- Artist: Jack Whitten
- Year: 2006 (completed)
- Medium: Mosaic with blood, ash, dust, and other materials
- Location: Baltimore Museum of Art, Baltimore, Maryland;

= 9.11.01 =

9.11.01 is a 2006 mosaic work by the American visual artist Jack Whitten (1930–2018).

Whitten whose studio was on Lipsenard Street in the Tribeca neighborhood of Manhattan, which is in close vicinity to the World Trade Center site, was an eyewitness to the September 11 attacks in New York City and did not make any art for five years except for this work.

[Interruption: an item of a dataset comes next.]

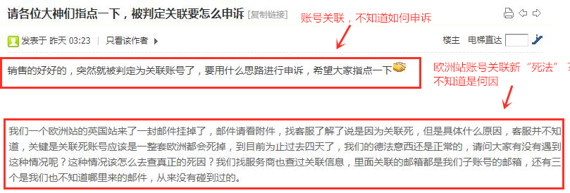 需要注意的是,如果卖家有任何销售不佳的账户,亚马逊很可能会停用你的所有管理账户。 就目前而言,卖家使用一套资料在同一站点注册多个账号肯定是会关联的并可能会直接被冻结。因此,卖家的注册资料非常宝贵,一旦死账号,资料可能就作废了,申诉也比较难。 如果亚马逊允许卖家使用一套资料在同一站点创建多个账户的话,那肯定是重大利好的消息,账号关联影响也有可能会降低。但目前一切未知,不知道在哪几种情况下可以创建多账户,卖家们可以留意一下,在政策详细内容未公布之前,切勿盲目操作。 2 是否有数量限制?除了欧洲站,其他站点呢? 与此同时,船长注意到,亚马逊目前只在欧洲站发布了这则通知,其他站点尚未看到,也就是说如果政策变更内容如卖家群和其他自媒体所传闻的那样,那么,在政策变更后,亚马逊欧洲站或可能首先成为支持卖家创建多账户的站点,其他站点有待亚马逊后续通知。 但无论如何,账号关联不会因此而消失。这次政策变更后,创建多账户也只能在几种有限的情况下进行,而且很大可能还会有可创建的账户数量限制,不是每个卖家都一定能满足要求,还需要看后续亚马逊「销售政策和卖家行为准则」具体的变更内容。因此,账号关联问题千万不能忽视! 账号 关联 详细指南 1 什么是账号关联? 账号关联分为「同站关联」和「异站关联」,相较于后者,前者更容易被亚马逊发现并被封号。大家都知道,亚马逊不允许同一个卖家使用相同的注册信息在同一个站点上创建多个销售账户。亚马逊会通过技术手段,检测卖家的相关信息,通过匹配关联因素,判断多个店铺账号是否属于同一卖家。 只要是超过亚马逊政策限制外的情况都有触发账号关联的可能,卖家需要特别注意。 2 亚马逊为什么要设置「关联」来限制卖家? 通俗的讲就是亚马逊为了给买家提供更好的购物体验,防止卖家创建多个店铺来破坏平台的运营秩序。例如,当买家在搜索产品时,可能出现的都是同一个卖家店铺的雷同产品,因此,亚马逊会在一定程度上限制同一卖家的账号数量。 3 亚马逊如何判定关联/触发账号关联的因素? 亚马逊对于账号关联的判定因素有很多,一般是利用技术手段,再通过系统的自动检测、识别和判定的。 账号被关联了,很难说具体是哪一个因素触发了关联,有可能是单一因素触发的,也有可能是多因素综合判定而触发的。 通常情况下,亚马逊判定账户关联的因素有以下几类 硬件类 电脑、网线/IP地址、路由器信息、猫、网卡MAC、硬盘信息等 尽可能采取独立的电脑和独立的网络来运营独立的账号,避免在同一电脑或网络下登录多个账号。可以采用无线上网卡的方式,不同的无线上网卡对应于不同的账号,且要确保电脑、网络、账号三位一体一一对应。另外,一个账号可以在多台电脑、多个网络环境下登录,但这台电脑和网络登录过某个卖家账号,就不要再登录其他卖家账号。 软件类 浏览器、cookie记录、输入法、字体、存储路径、浏览习惯等 这部分卖家着重要注意的是自己使用的浏览器和操作习惯。 注册信息类 公司名称、个人姓名、信用卡、地址信息、电话号码、邮箱、收款账号等 亚马逊允许使用同一套资料注册不同站点账号,但切勿不要使用同一套资料在同一个站点注册多个账号,注册多个账号,资料信息一定要区分开。 产品类 产品相似度<30%、类目、价格、图片、产品描述内容、运营手法等 建议卖家在发布产品时尽量在不同的店铺里发布不同的产品,如果产品有限,而又想将所有产品同步发布在多个店铺中,最好在产品图片、描述、SKU等内容上做出区别,不要用完全相同的产品信息在多个账号中多次重复发布。 商标类 使用被封店铺已备案商标 不要把已经被封账号的已备案商标应用于其他账号的店铺上。 其他类 跟卖已死账号产品、欧洲站卖家因为KYC审核而导致的账号关联等 别跟卖已死的账号销售的产品,KYC审核方面则需要注意的是,如果你的公司有多个股东,对于股份高于20%的股东都需要提交股东个人资料供平台审核。避免其中某个股东先后出现在两个进行KYC审核的亚马逊账号中,账号易被关联。 4 账号关联可能会产生哪些后果? 一旦账号关联后,可能会产生以下几种结果 1 强制下架新账号的所有Listing 或移除销售权 相同站点的几个账号关联,如果账号之间所销售的产品有交叉,亚马逊会强制下架新账号的全部Listing,严重的可能会直接移除销售权。 2 封停新账号,保留旧账号 针对一个旧店铺和一个新店铺关联情况,亚马逊可能会视店铺表现情况,保留你的旧店铺,直接关闭你权重较低的新店铺。 3 直接封停所有账号 这是最严重的情况,账号越多,关联风险越大,亚马逊将直接封停你所有关联的账号,然后会向你发送警告邮件,申诉可能比较难。 (图源卖家论坛) 5 如何避免账号关联? 1 账号注册:尽量采用招商经理链接注册 同套资料注册不同站点店铺时,同一台电脑注册的时候最好是采用不同浏览器,例如一个火狐一个谷歌,如果使用超级浏览器等软件注册,建议用一个IP绑定一个店铺使用。 注册的时候,注意账号信息,特别是信用卡,后期可以更换同一个,但注册时最好用不一样的。 账号注册成功之前尽量不要去绑定联合账号。 2 绝缘法:给每个店铺都配备独立的网线和电脑 这种方式对于只有两三个店铺的卖家是可行的,但是代价就是

Therein this work took as many years to create and consists of thousands of acrylic tiles as well as other materials which were part of that horrible day such as ash, dust, and blood. The undertaking of the work came at a time where the artist had already begun experimenting with the medium of mosaic.

The work is held in the permanent collection of the Baltimore Museum of Art. The piece was included and highlighted in the 2025 posthumous career survey of Whitten's work at MoMA in New York City. The central form of the painting, the black pyramid is taken from the one on the back of the U.S. one-dollar bill.

Ben Davis writing on Artnet compared the 9.11.01 to another work of epic scale, that being Pablo Picasso's Guernica.